By himself. Three of the thugs bore down on him, and he barely countered their moves.

“What the hell?” John yelled.

Teyla waded in next to him, smartly rapping with her stick the guy who had nearly decked John. “I am sorry! I thought it wiser to let them come to us.” She spun around in a flurry of kicks and movement, letting the momentum of her attacker carry him past her straight into Suua’s fist. One down.

“Let them come to us?” John was incredulous. “They’re on the edge of a steam pit!” He ducked under the flailing club of one of the thugs, unfortunately catching the second man’s blow right across his back. That hurt.

Teyla reversed direction, coming around in a long kick that barely missed John and connected with the man’s knee, dropping his leg out from under him. “We had the better ground,” she said serenely.

“So what?” John hit the man in the back of the head, knocking him sprawling. He didn’t seem inclined to get up.

He heard rather than felt the blow coming, in the rush of air preceding it. The third man’s torch butt connected with his left side, full force and momentum behind it, right on the sore ribs from the crash. John staggered backwards, unfortunately completely fouling Teyla in the process. It was about all she could do not to hit him with the attack she had half completed.

The man’s second blow hit Teyla as she backpedaled, catching her in the upper left arm. The cry that escaped her lips was unexpected. He’d never heard her cry out, no matter how hard she was hit. This blow hand landed on her bad shoulder.

John lowered his head and butted the man in the stomach, which did in fact distract him from Teyla. Unfortunately, it also brought the man’s club down on his back again. John staggered, the world spinning around him momentarily. Bad plan, hitting something with his head, he thought belatedly. Very bad plan.

He raised his head in time to see Suua catch the man around the throat, shaking him like a terrier with a rat.

John took a deep breath, straightening up. Oh yeah. Bad plan. The dizziness made the room seem to swoop around him. Teyla had stepped back, her lips white, her arm once again at an odd angle. The blow had popped her shoulder out again.

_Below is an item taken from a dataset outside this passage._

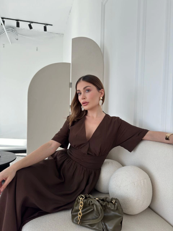 Kısa Kollu Uzun Elbise – Kahve

“Stay back!” The fourth thug had retreated to the edge of the steam pits, and he held Ailan before him, a stick against her throat forcing her head up. “Don’t come any closer!”

He could break her neck that way, John thought, without very much effort at all. It would be a stupid thing to do, because then he wouldn’t have a hostage, but the wild look on the man’s face suggested that maybe he wasn’t thinking that clearly. He could kill the girl in a panic, even if it doomed him with her.